Tuning conventional alloys towards the high-entropy space: thermomagnetic and magnetocaloric behavior

Abstract

High-entropy alloys (HEAs), based on the design concept of mixing five or more principal elements to yield high entropy of mixing (ΔSmix), expands the compositional space of multicomponent materials when compared to conventional materials, which are mainly based on one or two main constituents. HEAs, thus, form compositions without dominant elements, in which new materials with excellent properties, some of them being superior or unique compared to the conventional materials, have been found [1]. These advantages prompted a large surge in studying HEAs, with the explored compositions evolving from first-generation single phase equiatomic to second-generation multiphase non-equiatomic HEAs. The latter are recently reported with properties that outdo those of the first-generation HEAs, such as excellent strength-ductility combination, surpassing the low temperature limit, or enhanced magnetocaloric properties of rare-earth-free high-entropy alloys owing to a first-order magnetic phase transition [1-3]. Here, we present, when tuning CoCrMnNiTi alloys from conventional to the high-entropy region (i.e. ΔSmix > 1.5 R, where R is the gas contstant, 8.314 J mol-1 K-1), the evolution of their thermomagnetic and magnetocaloric behavior.

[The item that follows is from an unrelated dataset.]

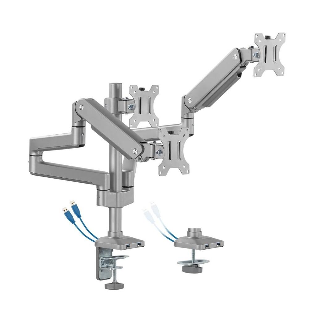 RACK SOPORTE DE ESCRITORIO ERGONOMICO PARA 3 MONITORES 17 A 32 PULGADAS CON PUERTOS USB GMK53-36UB
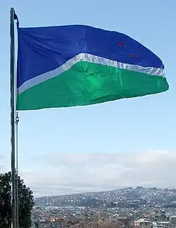 Vexillologist James Dignan[27] proposed a flag including the Southern Cross stars that appear on the New Zealand national flag, with a depiction of the Southern Alps (the white peak) and the forests and fields of the south (the green inset). The Southern Alps are the South Island's most prominent geological feature, and agriculture and forestry the main primary industries, making this concept an appropriate representation.[28]

The obtained HEA has a martensitic temperature tuned nearer to room temperature and a 10% increase in the entropy change (Fig. 1). This work demonstrates the recently proposed claim [1-3] that it is possible to obtain high-performance magnetocaloric materials within the HEA compositional space.Work supported by AEI/FEDER-UE (grant PID2019-105720RB-I00), US/JUNTA/FEDER-UE (grant US- 1260179), Consejería de Economía, Conocimiento, Empresas y Universidad de la Junta de Andalucía (grant P18-RT-746), Army Research Laboratory under Cooperative Agreement Number W911NF-19-2-0212 and Sevilla University under VI PPIT-US program.  Fig 1. The variation of martensitic transition temperatures (square symbols) and entropy change at the transition (circular symbols) after tuning a conventional alloy towards the high-entropy region (ΔSmix > 1.5 R).